It depends. If the attack is online, your server is working. If it's offline, it's the attacker's computer.

And why you want to use a slow hash? To prevent the attacker from throwing hundreds of millions of passwords per second at the hash function. If the hash function takes 100ms to calculate on your server, the attacker with a similar hardware is expected to try 10 times a second.

A hash that takes more than 100ms can lead to a server-side DoS if the attacker floods the server with login requests, and a hash that takes nanoseconds allows the attacker to send millions of passwords per second on a similar hardware.

I don't understand how hackers could care less since they can just send requests without having to do work

That's not the case. A hacker will not send a trillion passwords at your login page for an online attack. They will either use an already cracked password, or try a thousand common passwords. So, if your users are using password as a password, a hash function that takes one minute to calculate and uses 1 TB of RAM will not protect them from online attacks.

unless they have had access to the db where the sensitive data was stored.

And that is the case. The type of hash you use will determine how many passwords the attacker will capture. A database with unsalted MD5 hashes will be bruteforced in hours, maybe days. Some of the entries are a Google search away. But a database of Argon2 or Scrypt hashes will take thousands of centuries if the parameters you use are strong enough.

Answer 2

Password hashing is concerned with brute-force attacks that take place offline using a dump of hashed passwords, not online against a running service. See this answer for how password hashes are usually obtained.

A running service does pay a cost when verifying passwords since it is not completely cheap. A strongly recommended step to take is to rate-limit the number of login attempts that can be performed, thus preventing the attacker from sending more than "a few" password guesses.

If there is no rate-limiting, the likely result would be the server CPU being fully consumed with password verification, slowing things down even more potentially to the point of crashing.

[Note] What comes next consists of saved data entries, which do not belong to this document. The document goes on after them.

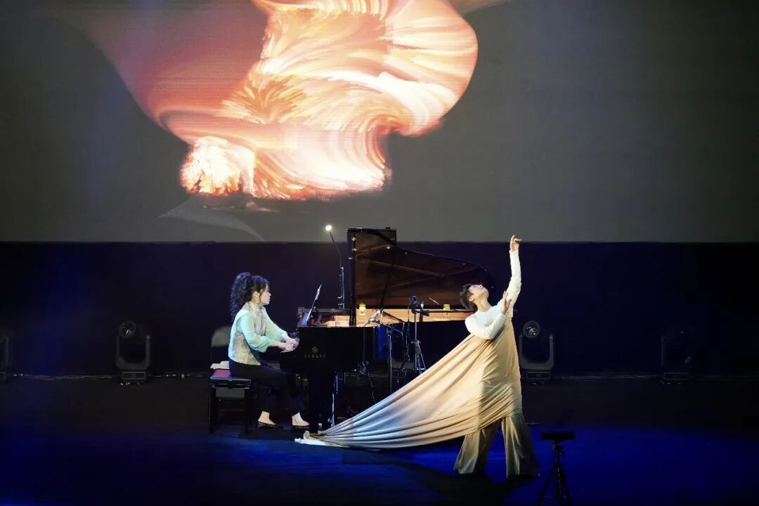 《国乐艺术剧场的数智赋能创新实践》项目依托上海音乐学院“教创演研一体化”人才培养模式,结合原创的艺术实践作品《丝路之乐·唐韵回响》《南韵·国色》,将课程教学与艺术实践紧密结合,形成“理实联动、创制一体”的教学模式。秉持“时尚包装经典,传统走入现代”的主旨,利用数智技术,结合跨界媒体艺术形式,以中华传统文化为根基,探索数字智能协同舞台创制与数字媒体艺术融合的音乐剧场新形式。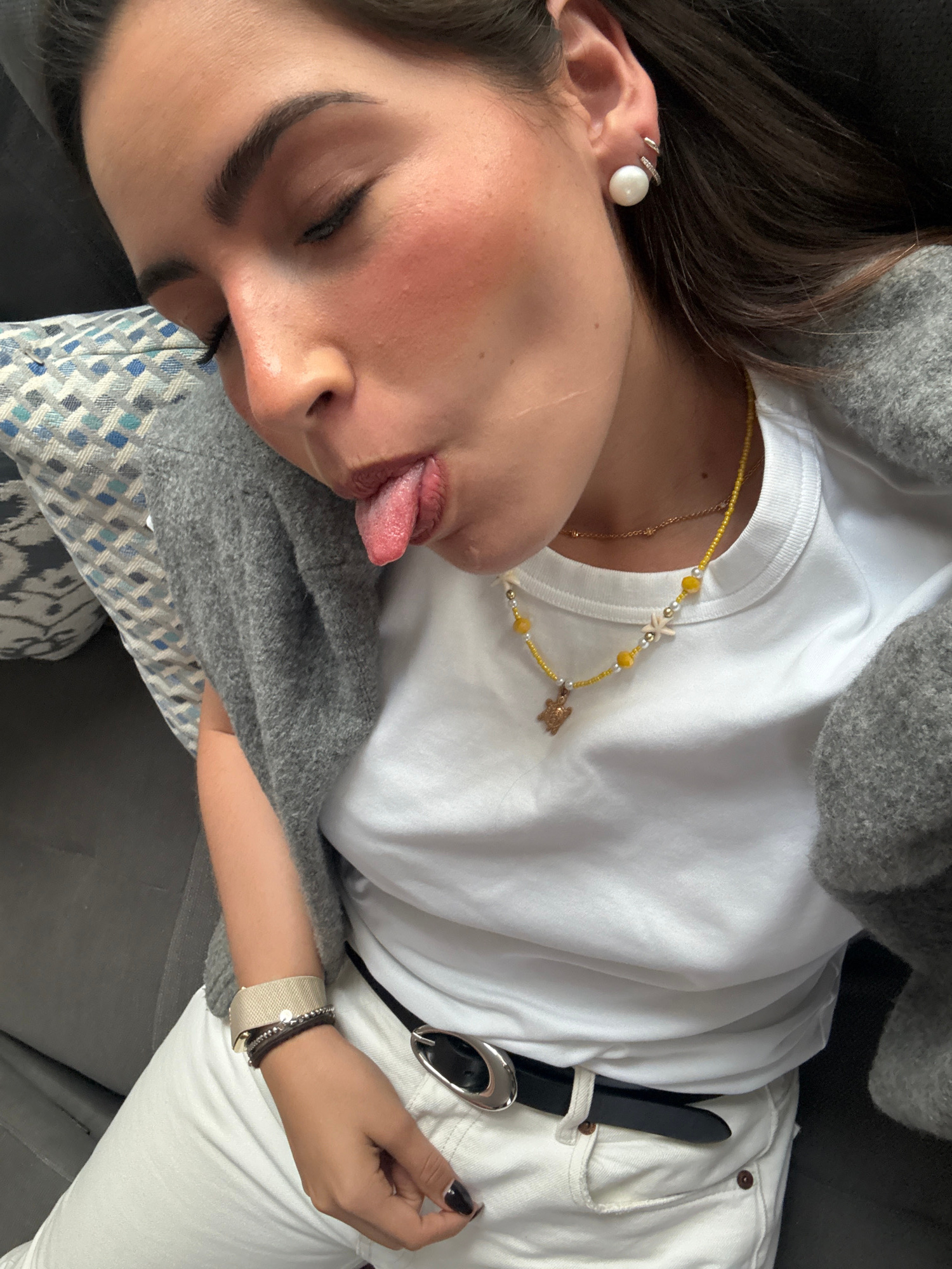 The image shows a person lying down. The person has brown hair and is wearing a white t-shirt, white pants, and a grey sweater. They are wearing a necklace with yellow and white beads, and a black bel…read more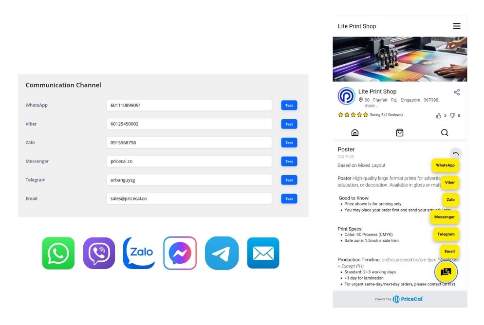 Your Printalogue storefront now supports additional messaging platforms including Zalo, Messenger, Viber, and more. Customers can reach you through their preferred communication app.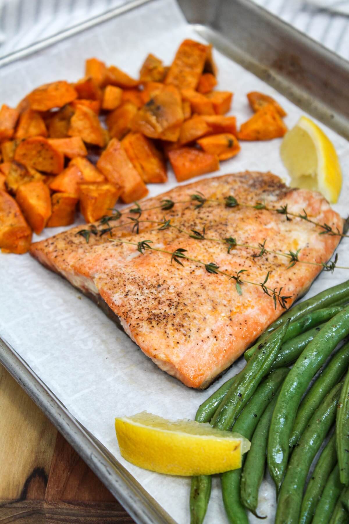 - Bake sweetpotatoes and green beans for 10 minutes. While veggies cook, prepare the salmon. Season with salt and pepper and rub with remaining olive oil. Garnish with fresh thyme.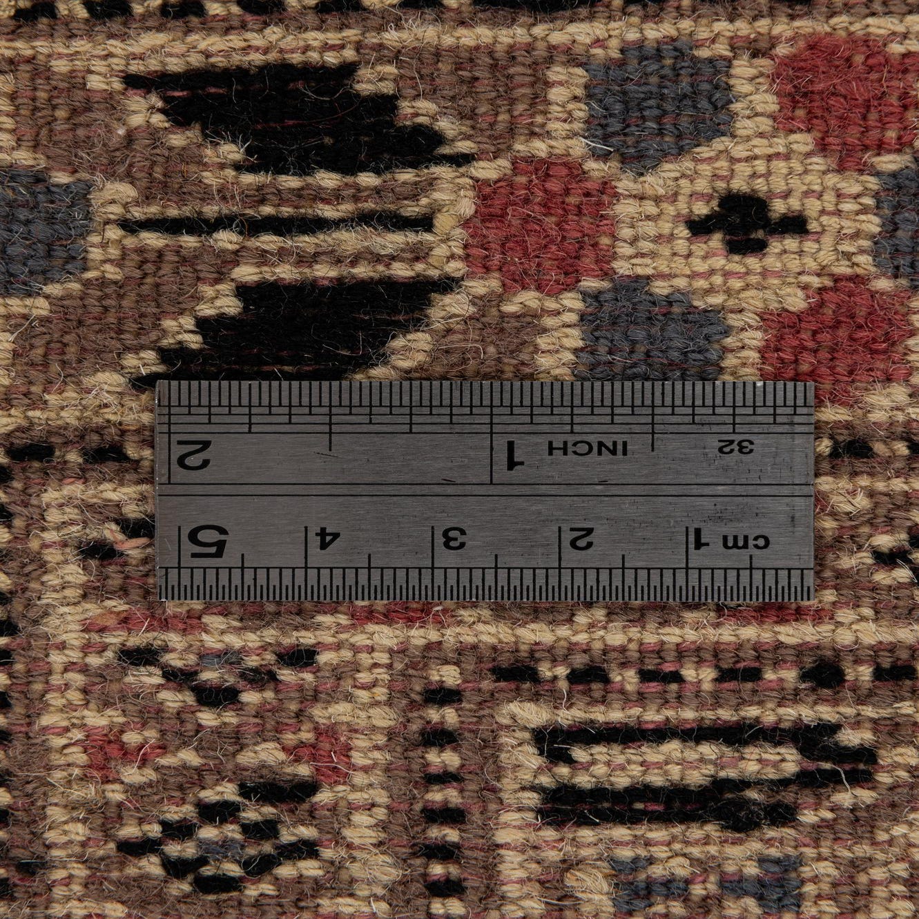 Primary color is Magenta. Colors in this rug include: Magenta, Beige, Black, Brown, Ivory, Light Brown, Gray.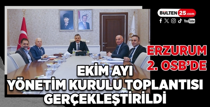 Erzurum Merkez 2. Organize Sanayi Bölgesi (OSB) Ekim Ayı 2. Yönetim Kurulu Toplantısı, Erzurum Valisi Mustafa Çiftçi’nin başkanlığında yapıldı. Toplantıda, bölge genelinde devam eden yatırım süreçleri ve altyapı projeleri masaya yatırıldı.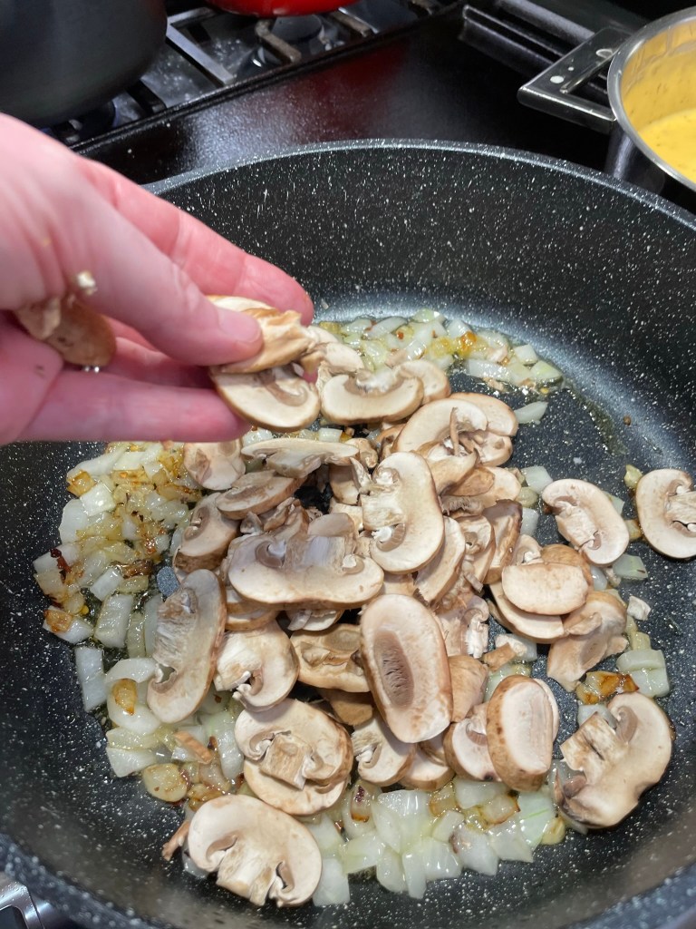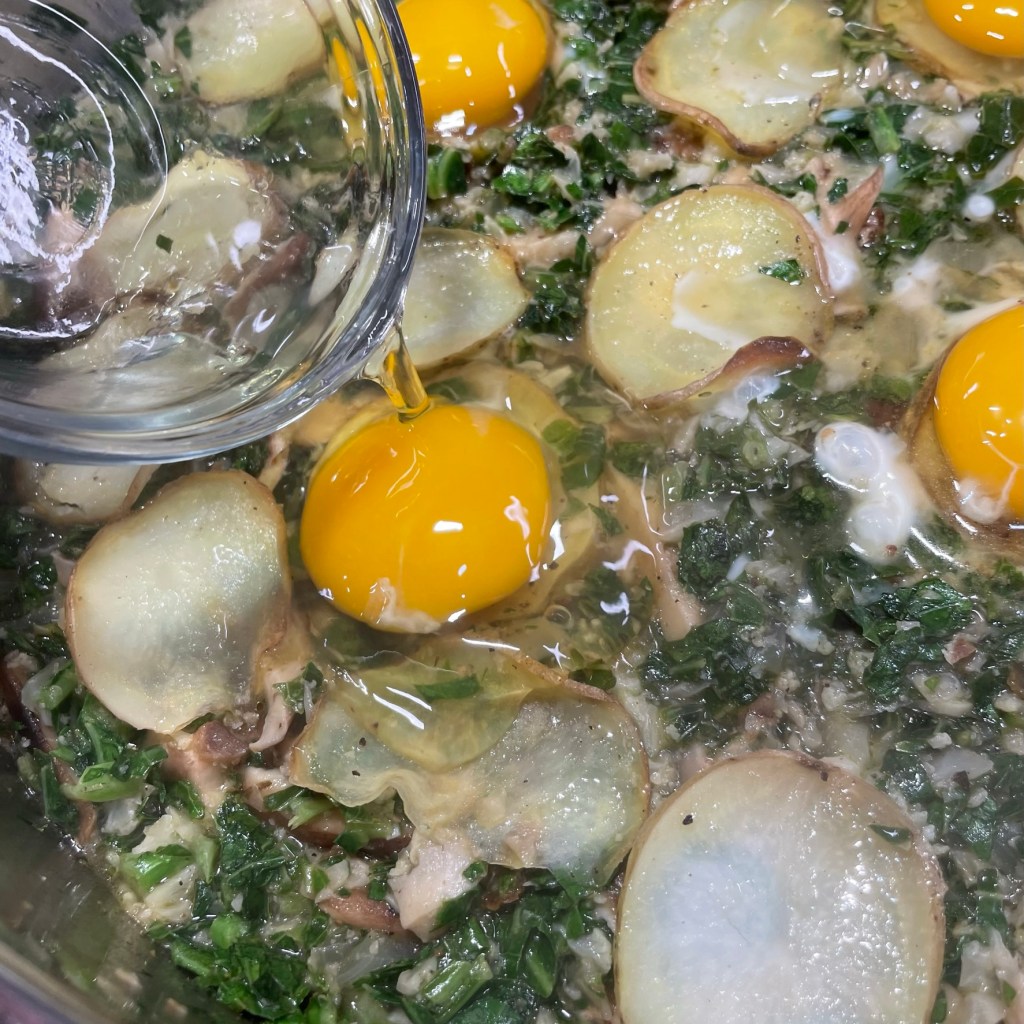 - 1/2 pound bulk breakfast-style sausage (spicy is great here)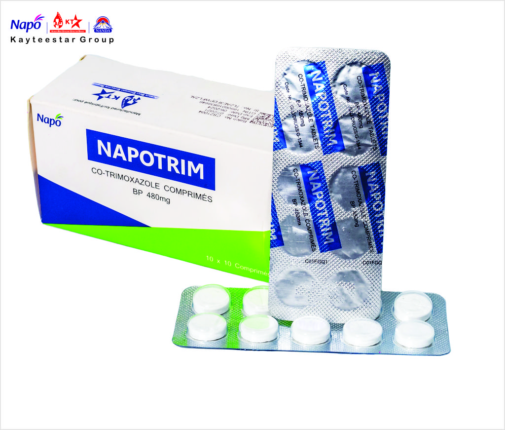 April 16, 2025 NAPOTRIM TABLET Product Code AP000324 Pack Size 10 X 10 T Dosage Tablets Composition Co-Trimoxazole Tablets BP 480 MG Each uncoated tablet contains :Trimethoprim BP-80 mg, Sulfamethoxazole BP-400 mg,Excipients-q.s. SKU: AP000324 Category: Tablets Related products BON HUNGRY TABLET Read more ALTHRO 500 MG (ERYTHROMYCIN TABLETS) Read more ALTENOL 50MG TABLETS Read more KILLMAL 80/480 TABLET Read more
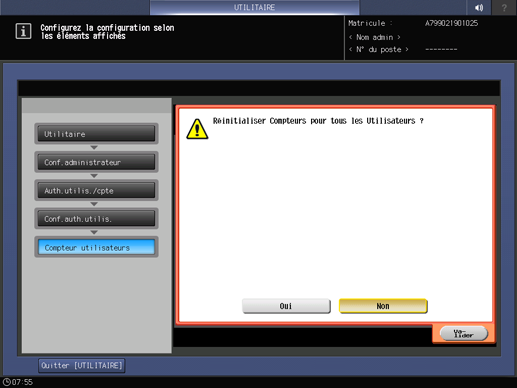 Permet de remettre à zéro les compteurs d'impression pour les utilisateurs authentifiés et utilisateurs publics, individuellement ou collectivement.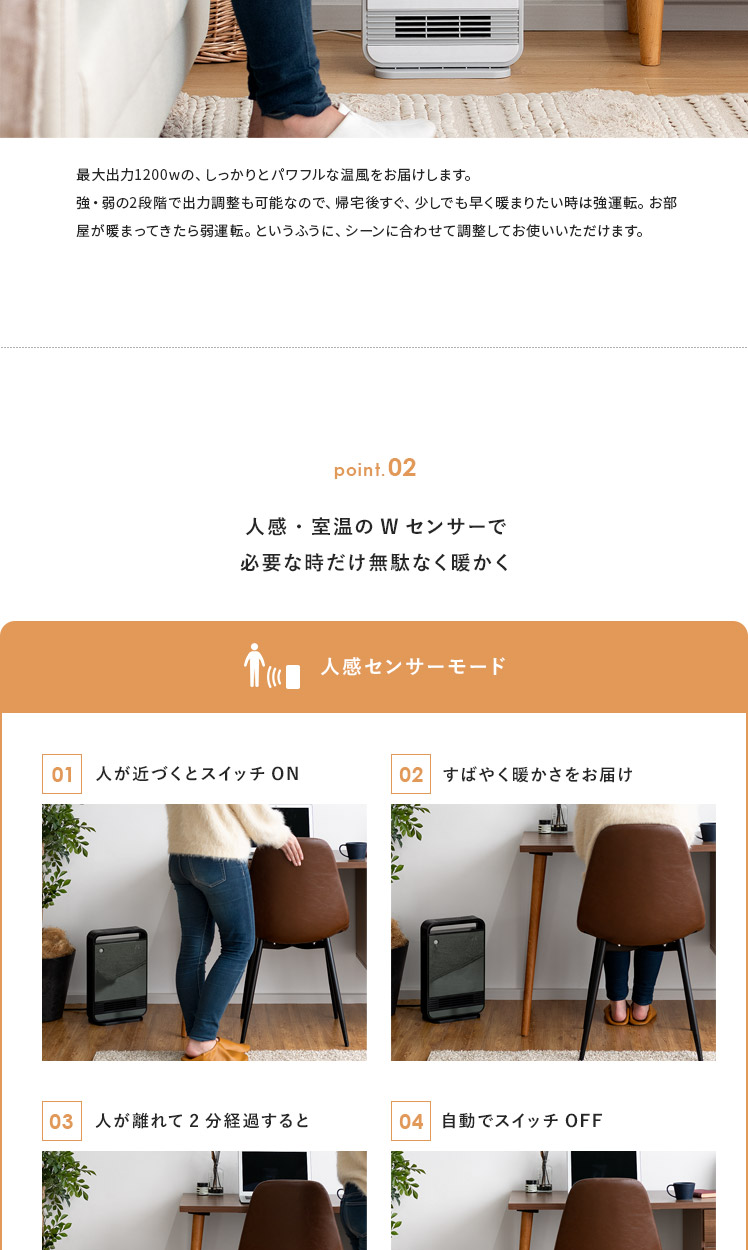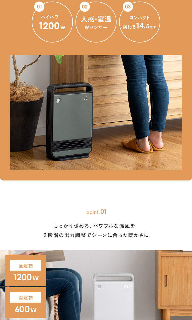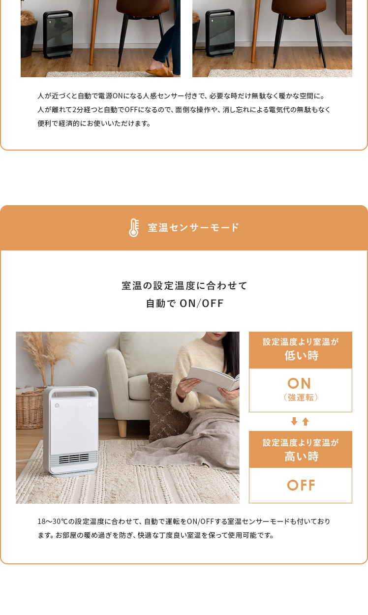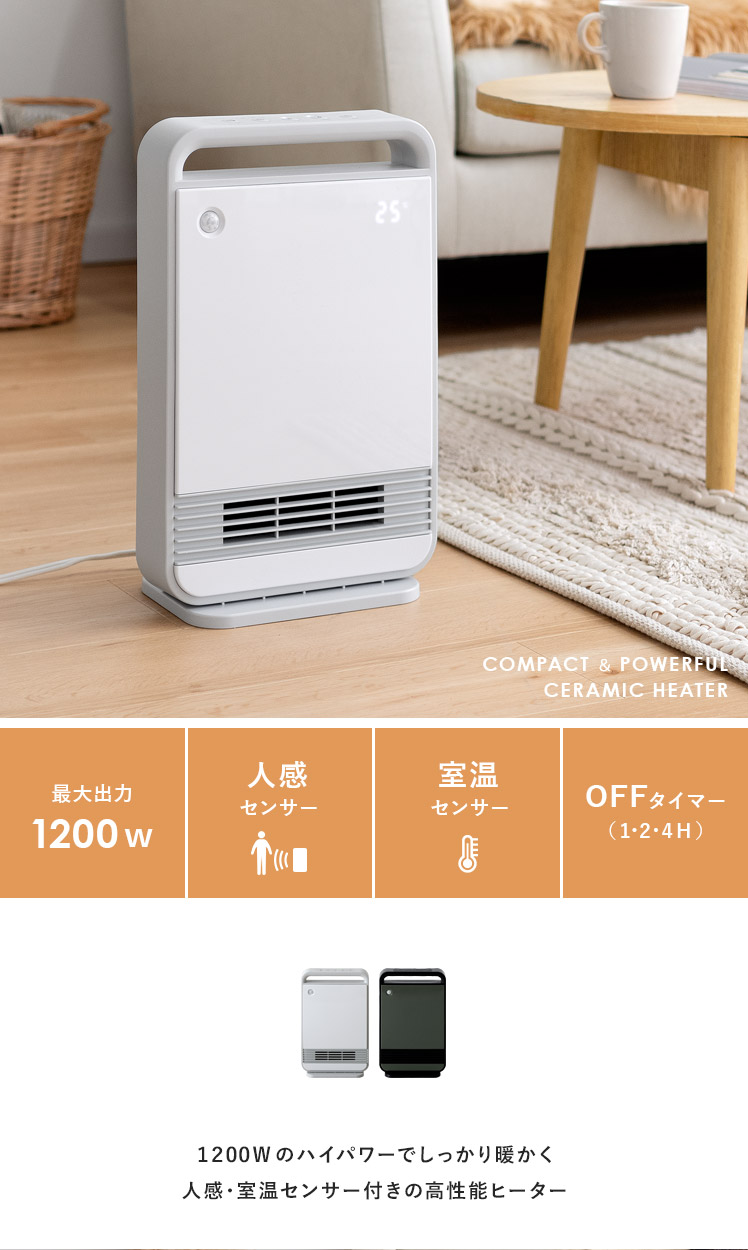 人感・室温センサー付き セラミックヒーター/コンパクトな見た目に、最大出力1200wのハイパワーと、人感・室温、Wの自動センサーを搭載した高性能セラミックヒーター。人が近づくと自動で電源ONになる人感センサーは、面倒な操作や、消し忘れによる電気代の無駄もなく、便利で経済的にお使いいただけます。設定温度に合わせて自動でON/OFFする室温センサーは、お部屋の暖め過ぎを防ぎ、丁度良い室温を保って使用可能です。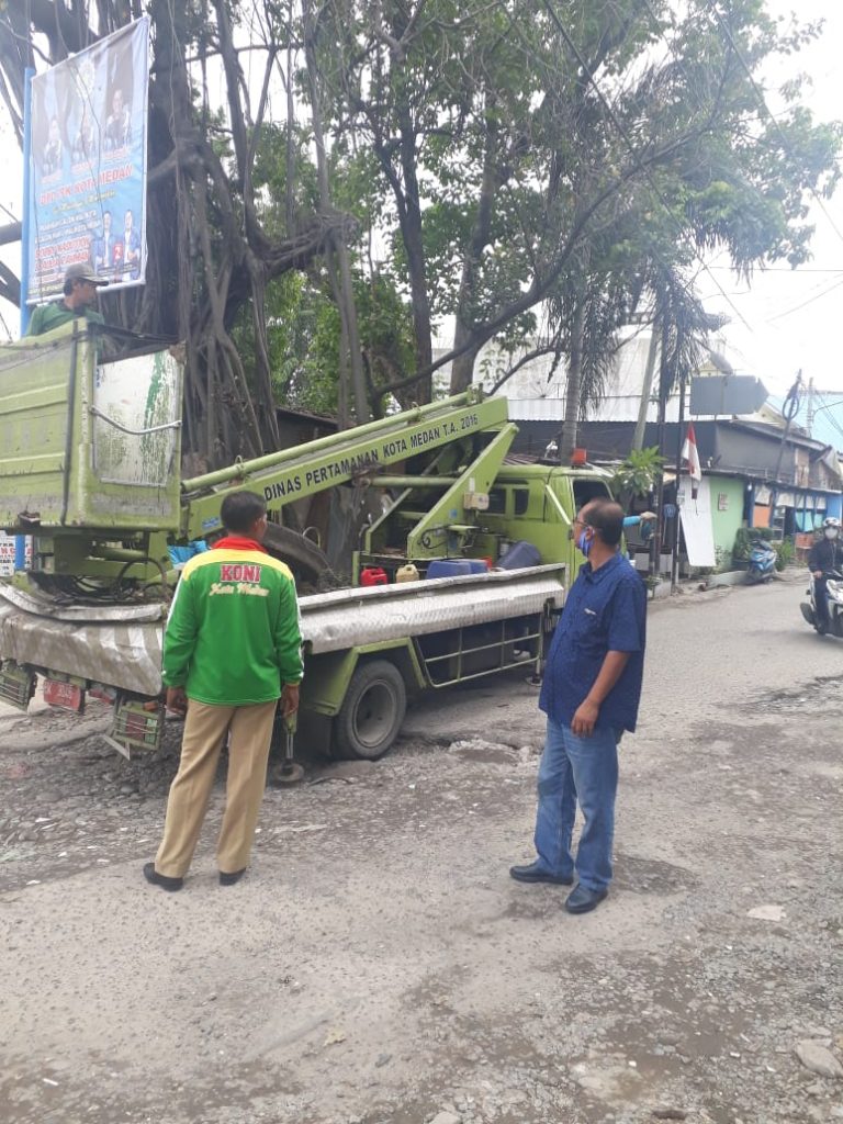 tobapos.co–Warga Jalan Rasak Kelurahan Sekip, Kecamatan Medan Petisah mengaku sangat senang setelah permohonan pemangkasan pohon Beringin dikabulkan Dinas Pertamanan kota Medan Senin (2/11/2020).

This would be equivalent to a denial-of-service but would not result in a successful brute-force attack.

If the servers can handle it, it would still take entirely too long to brute-force due to time needed to verify each password (as well as the round-trip to the server).

Finally, there are password hashing techniques where the load is mostly on the client (eg: SCRAM), but this is more useful with heavier custom clients (eg: DB clients).

Answer 3

As a normal human user, you will submit a password every few seconds. That is easy for the server to handle. An attacker could submit thousands of guessed password. The server protects itself against this by rate limiting, like allowing only one password request for a username every three seconds.

So the number of guesses that an attacker can handle using the server is quite limited.

PS. The purpose of “memory hard” hashing is not to make the hashing expensive- you can do that easily by requesting lots of hashing rounds. The purpose is to have hashing where a million dollar supercomputer doesn’t have a big speed advantage compared to your humble little server.